Posted by Michel on October 25, 2021

The multi-year work plan is a new requirement arising from the passage of the Climate and Resilience Law in August 2021, which was inspired by the Citizen’s Climate Convention’s work. The aim to repair and modernize housing at the national level remains the course of action, and different measures, including this, help to coordinate the activity more accurately. What effect will this multi-year work plan have on French property owners, and when will it happen? The government’s answers thus far are listed below.

What obligation is there?

The premise is simple: because the building is over 15 years old, the co-owners’ organizations must carry out a multi-year work plan every 10 years. An study of the building and an energy performance diagnostic (DPE), which will lead the co-ownership towards compliance with the current requirements, are required to decide what to add.

This includes work that is critical to the building’s security, as well as work that is required for the inhabitants’ health and safety, as well as work that is beneficial to the building’s energy categorization.

The measure has a dual purpose: it informs owners who aren’t always informed about their co-ownership’s actual requirements in terms of maintenance and modernisation, and it compensates for the delays that French co-owners exhibit in terms of restoration, particularly insulation.

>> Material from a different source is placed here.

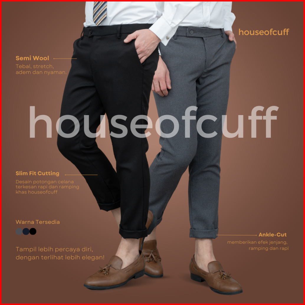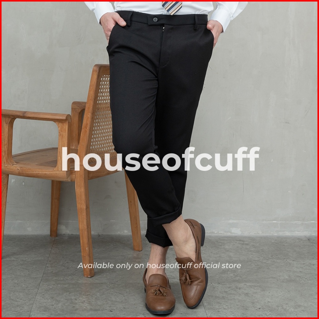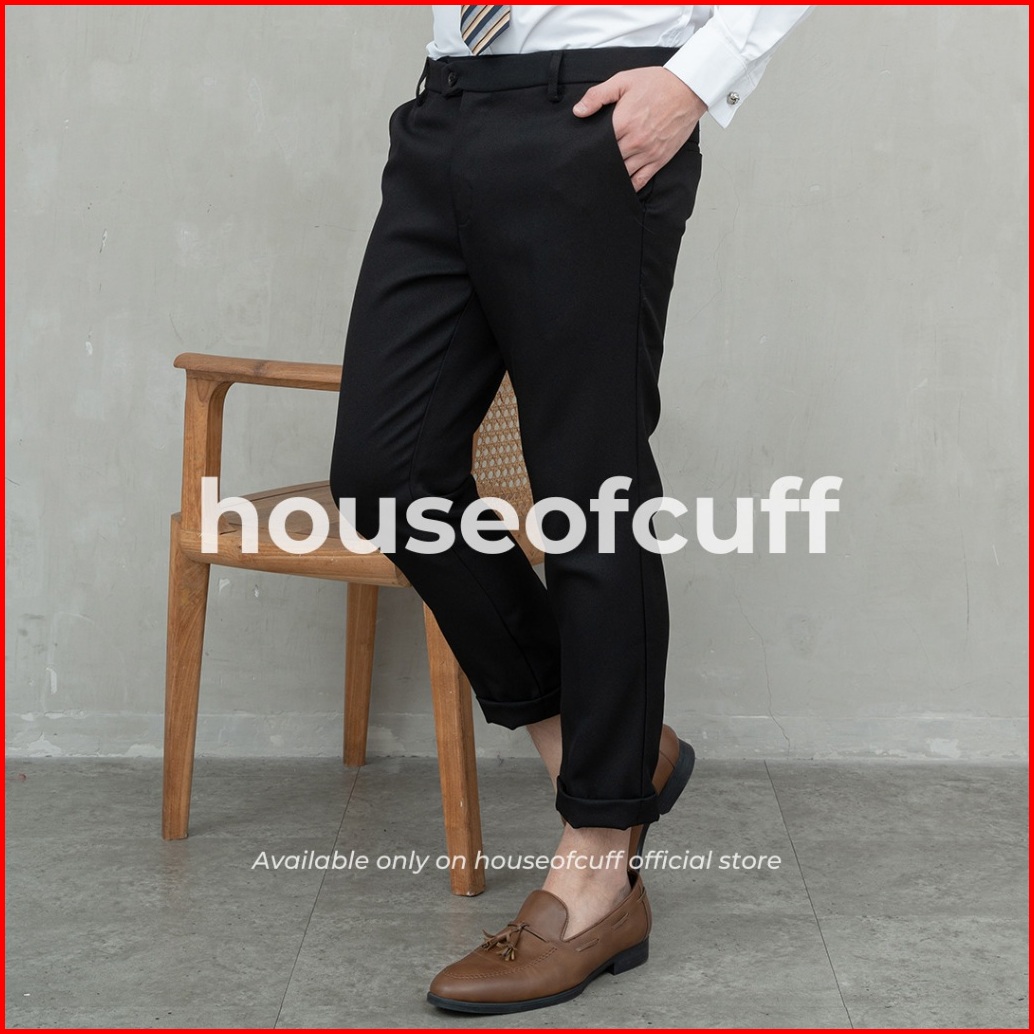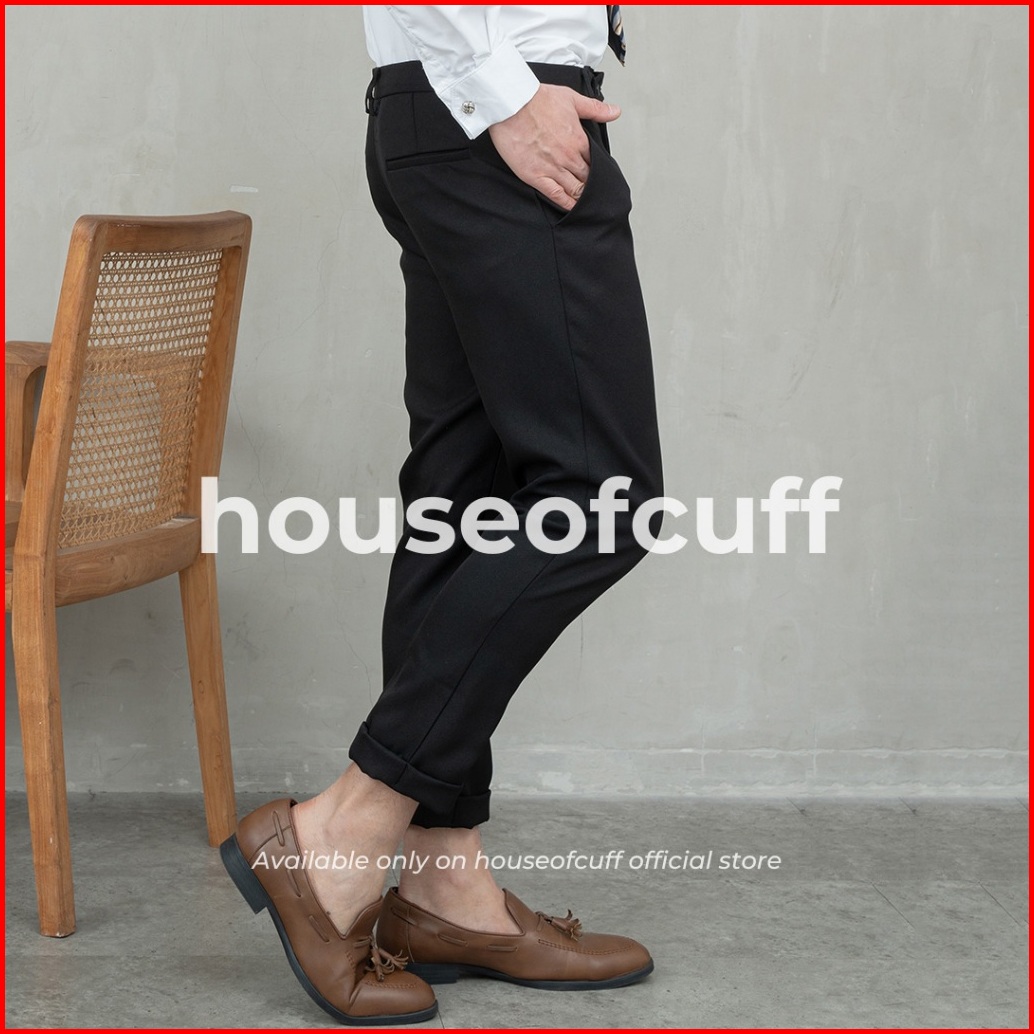 Houseofcuff Celana Bahan Kerja Ankle Button Slim Fit Hitam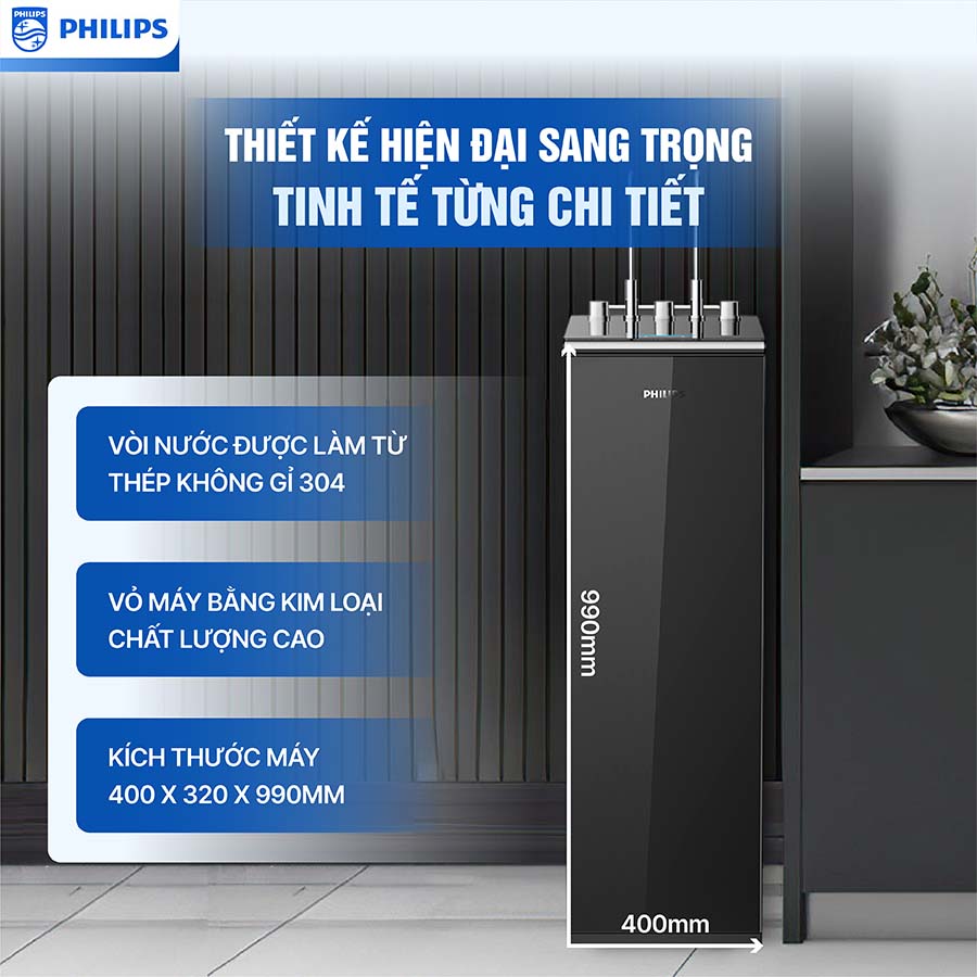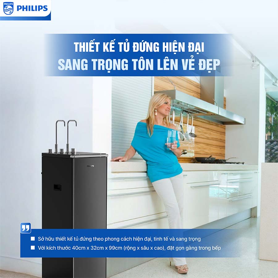 Máy lọc nước RO Philips ADD8922 sở hữu thiết kế tủ đứng theo phong cách hiện đại, tinh tế và sang trọng, phù hợp với không gian sống đẳng cấp. Với kích thước 40cm x 32cm x 99cm (rộng x sâu x cao), máy có thể đặt gọn gàng trong bếp, phòng khách hoặc văn phòng mà không chiếm quá nhiều diện tích, đồng thời trở thành điểm nhấn trang trí tinh tế.

On the finance side, the existing requirement to provide a works fund is reiterated: a contribution of at least 5% of the anticipated budget or 2.5 percent of the total value of the approved work plan must be provided.

A phased implementation

The need will be phased in over time to allow smaller co-owners to organize themselves. As a result, three deadlines have been set:

• For co-owners with more than 200 lots, the deadline is January 1, 2023;
• For those with 50 to 199 lots, the deadline is January 1, 2024; and
• For those with fewer than 50 lots, the deadline is January 1, 2025.

To guarantee its execution and manage its timeline, the multi-year work plan should be presented at the first general meeting after its creation and placed on the agenda for each consecutive meeting.

The content of the multi-year work plan

In concrete terms, the plan must contain all of the components, which must be measured and prioritized over time to ensure that the goal established after the building’s analysis and energy performance diagnostic is met. This goal must at the very least enable the co-ownership to meet legal responsibilities, and it may be extended according to the co-owners’ desires in order to improve the beauty and comfort, if not the value, of their building.

The initial aim for the affected co-owners will clearly be to escape the status as “energy strainer,” hence the classifications in F and G of the DPE, to which the classification in E is ultimately appended by the deputies to the aforementioned legislation.

To provide visibility to the co-owners, the proposed activity must be costed. Prioritization by priority level will also allow for the top priority to be human health, followed by improved comfort and involvement in the community endeavor to decrease energy use.

The co-ownership stock in France tends to age since there is no legal duty to repair it, even if it is in the co-owners’ best interests to do so. Because of the visual enhancement and improved comfort, a well-insulated and restored building improves in value, and the goal may be to recoup the investment in labor. We can be certain that our multi-year strategy will enable this observation for families that have been able to spread the costs of implementation across time.